I've thought a little bit about those when working on Pijul, there are multiple ...

dan-robertson · on Dec 4, 2021

You didn’t mention the lack of a good theory for tree diffs/patches here. Is that because you think there is a good theory or because you think not having a theory doesn’t matter? Or just that it wasn’t worth mentioning?

It strikes me that another big difference between dealing with conflicts in DVCSes and in the kind of collaborative editing CRDTs people seem to be mostly thinking about in the article and the comments section here, is that merges happen on the scale of seconds in the latter case and potentially much longer in the former, and the cost of a bad merge probably increases with its age.

I’m very sympathetic to your point about people not seeing the complexity in VCSs. I wonder if it is that they are frequently used tools that seem to be simple, though I don’t see that behaviour with operating systems. Perhaps they are considered too sacred or something. I think most programmers aren’t stressing enough file systems enough to find that they are sometimes buggy and hard to deal with accurately and efficiently, and if pressed might mumble something about calling fsync.
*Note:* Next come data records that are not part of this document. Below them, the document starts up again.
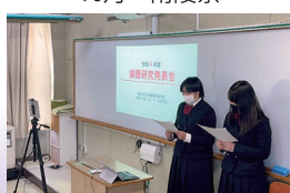
1月 課題研究発表会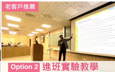
Option 2 進班實驗教學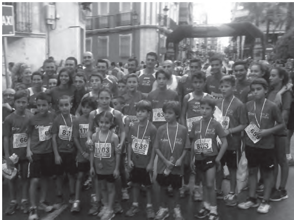
Atletas del Capet en Sax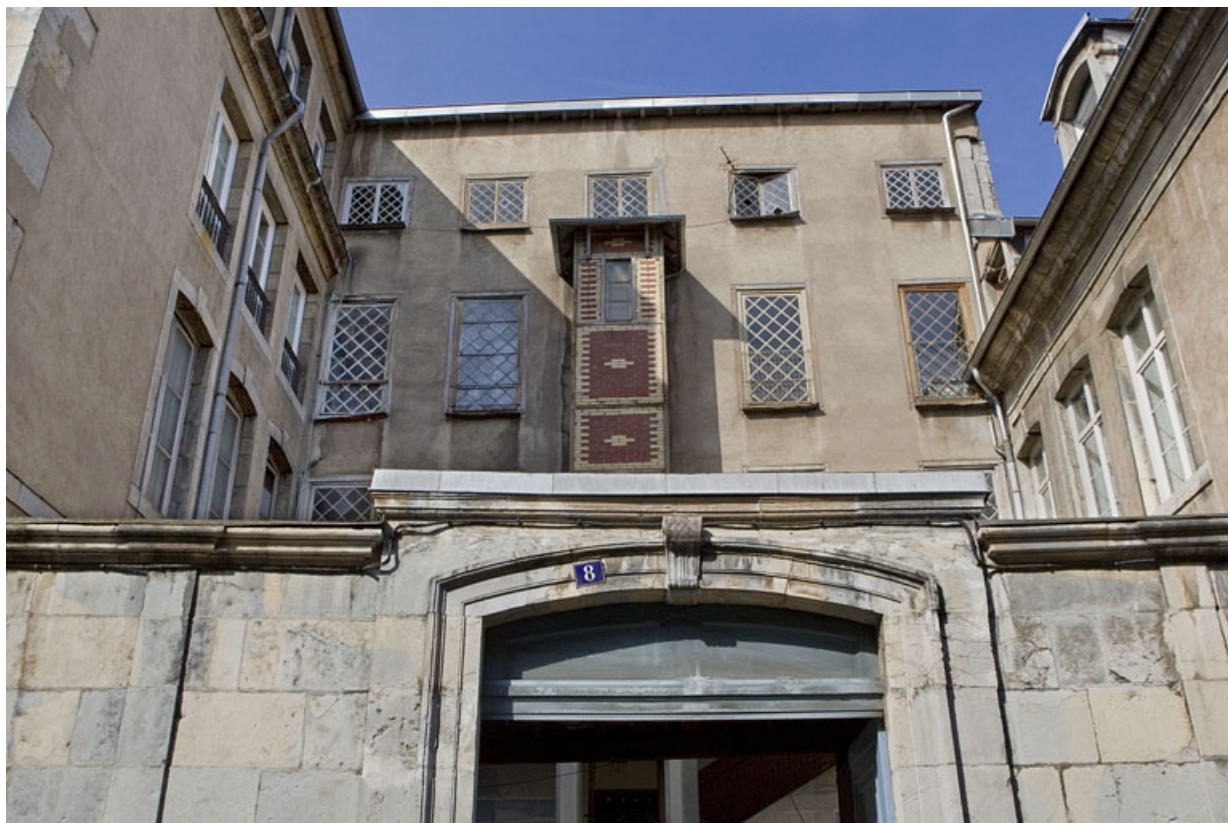
Vue d'ensemble de la clôture sur rue et de l'aile de l'escalier en fond de cour. 25, Besançon, 8 rue des Martelots, lieudit : îlot Saint-Maurice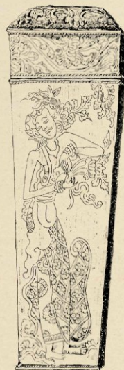
N o . 57. STROOTJESKOKER. LOMBOK. H. 16 CM.

Maar er is meer. Van de meest primitieve metaalbewerking in koper — zie bijvoorbeeld de koperen applique (No. 143) waarop de poging tot ornamentatie door een kind, dat nog niet verder dan de hanepooten is gekomen, schijnt gekrabbeld te zijn — goud en zilver, tot het hoogst verfijnde drijf- en ciseleerwerk, behoorende tot het fraaiste, wat er ooit gemaakt is, en nog wel van de meest verschillende streken uit onzen Archipel, vinden we hier een of meer exemplaren voorhanden, vooral in edel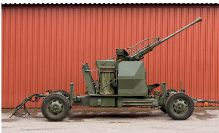
40 mm vakan m/48.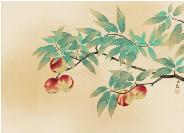
横山大観《桃》1933年 福田美術館蔵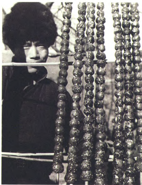
老北京厂甸庙会的传统小吃——五尺糖葫芦

在1963年这份厂甸庙会档案中,对参会的商户进行了严格的限定:市属各大百货商场,城区的国营、合营门市部和合作商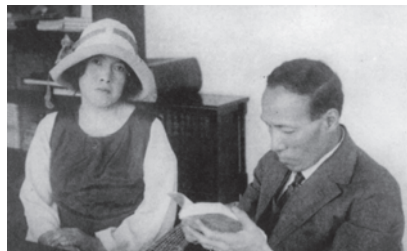
与謝野 寛・晶子 夫妻 1926 (大正 15)

But maybe most people don’t think it is easy and only those people who do write their opinions on the matter down.

pmeunier · on Dec 5, 2021

> You didn’t mention the lack of a good theory for tree diffs/patches here. Is that because you think there is a good theory or because you think not having a theory doesn’t matter? Or just that it wasn’t worth mentioning?

I'm convinced there is a good theory. Moreover, since line graphs (i.e. totally ordered bytes in a file) are just a particular case of trees, that theory could even be implemented in the same way Pijul is now, where the "easy" case just means blobs linked together.
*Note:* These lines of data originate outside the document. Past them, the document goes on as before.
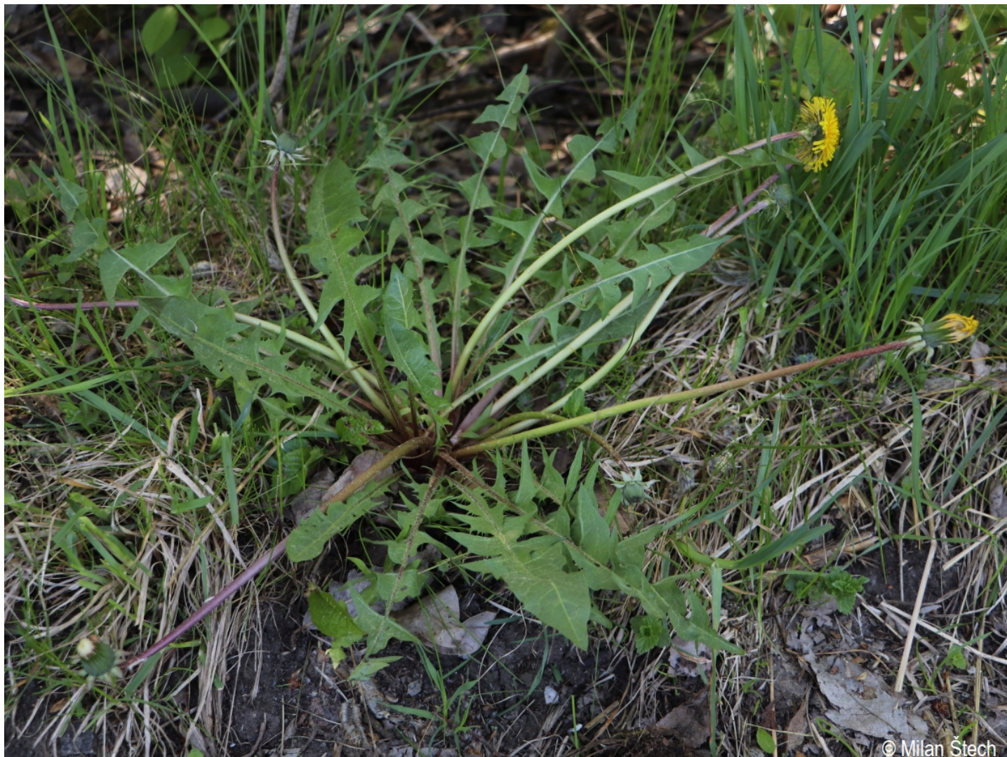
Taraxacum elegantius – Milan Štech – Březovík.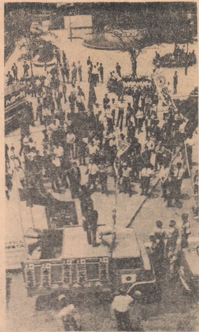
JAPONIA. Aspect de la începerea Parla-mentului japonez în Camera superioară a Parlamentului japonez

Desi cu o alipi-mă în urmă, Japonia, pe lângă armamentului militar electric, are în prezent în parlament o lege de publicitate care se dea publicității rezultatele anchetei comisiiei de anchetă în „afacerea Mirage” în privința gumei, sub presiunea cerurilor parlamentare și a numeroase organe de presă, să-și determine să-și revizuiască atitudinea. „Scandalul Mirage”, după cum se știe, a fost declanșat de dezbaterile parlamentare care au pornit de la cererea privind acordarea unor credite în valoare de 576 milioane de franci, ce trebuiau să se adauge sumei inițiale precăutate pentru achiziționarea unor avioane de luptă („Mirage III”) de la firma franceză „Dassault”.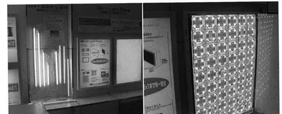
用途や予算によって蛍光管とLEDを使い合わせる「esライティングシステム」や「ユニ・スティックライト」を提案した彩ユニオン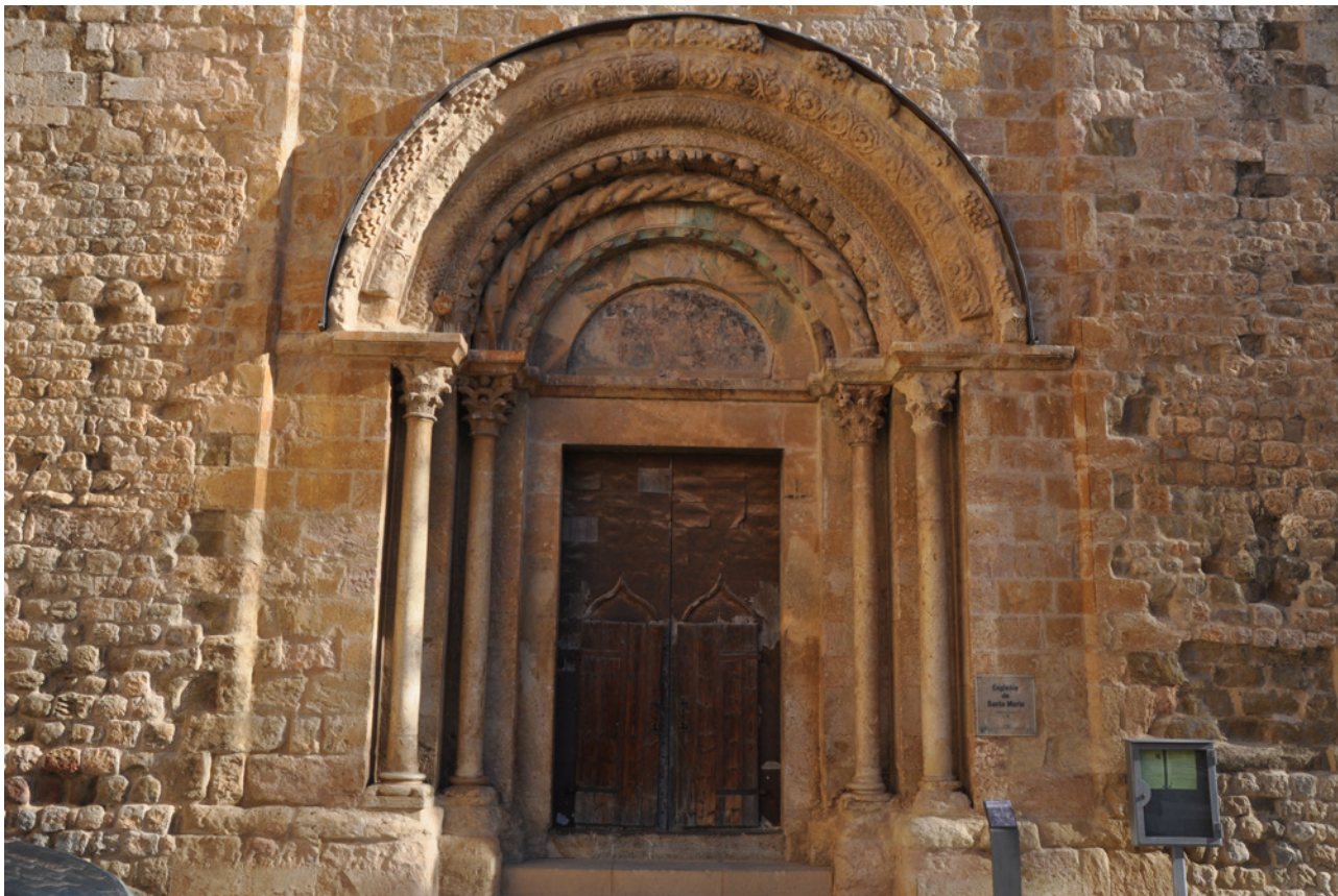
Fig. 6. Vista general de la portalada

vestigis de dues torres que no es van arribar a edificar. Cal pensar que només es va executar una part del primer pis de la torre meridional, amb dos grans finestrals inacabats i coronats posteriorment com a campanar. La façana havia de ser per tant simètrica, amb un cloquer a cada extrem.

But I'm also convinced that there are so many edge cases that I wouldn't want to even start considering that before Pijul sees some real-world usage at a decent scale. If everybody misses the point and ends up preferring Git, then why even bother?

> though I don’t see that behaviour with operating systems. Perhaps they are considered too sacred or something.

I guess everybody sees how they would start to write a VCS: just read files, maybe write diff, imagine some datastructures to store that, fix the bugs and problems, that's it. Fewer people can see how to write operating systems, and even people who follow hobby tutorials immediately realise the complexity of handling all the hardware.

> I think most programmers aren’t stressing enough file systems enough to find that they are sometimes buggy and hard to deal with accurately and efficiently, and if pressed might mumble something about calling fsync.

That's right, but on the other hand if you look at the "massively parallel, structured filesystems", called databases, the space is tiny:

- There's a multi-billion-dollars company (Oracle) built at a time where nobody wanted to write fast databases.

- An academic project (Postgres) which grew extraordinarily slowly, and somehow managed to survive as a research platform, funded by public funds.

- Two single-author projects led by extraordinarily motivated people, one of which isn't meant to support concurrency (SQLite), and MySQL/MariaDB, built because there was no affordable, non-experimental database solution.

- Recent years have seen some progress funded by giant companies like Google for their cloud infrastructure, but we're not yet seeing many CRDTs in production.

The same goes for theory-based programming languages: both Haskell and OCaml have barely survived for 20 years before being used at massive scales. Rust has had a slightly easier time, but not much easier, despite being supported by Mozilla.

Yet, most engineers would consider databases "basic" technology, because they use them a lot, and (quite fortunately) don't need to implement them to build on top of them.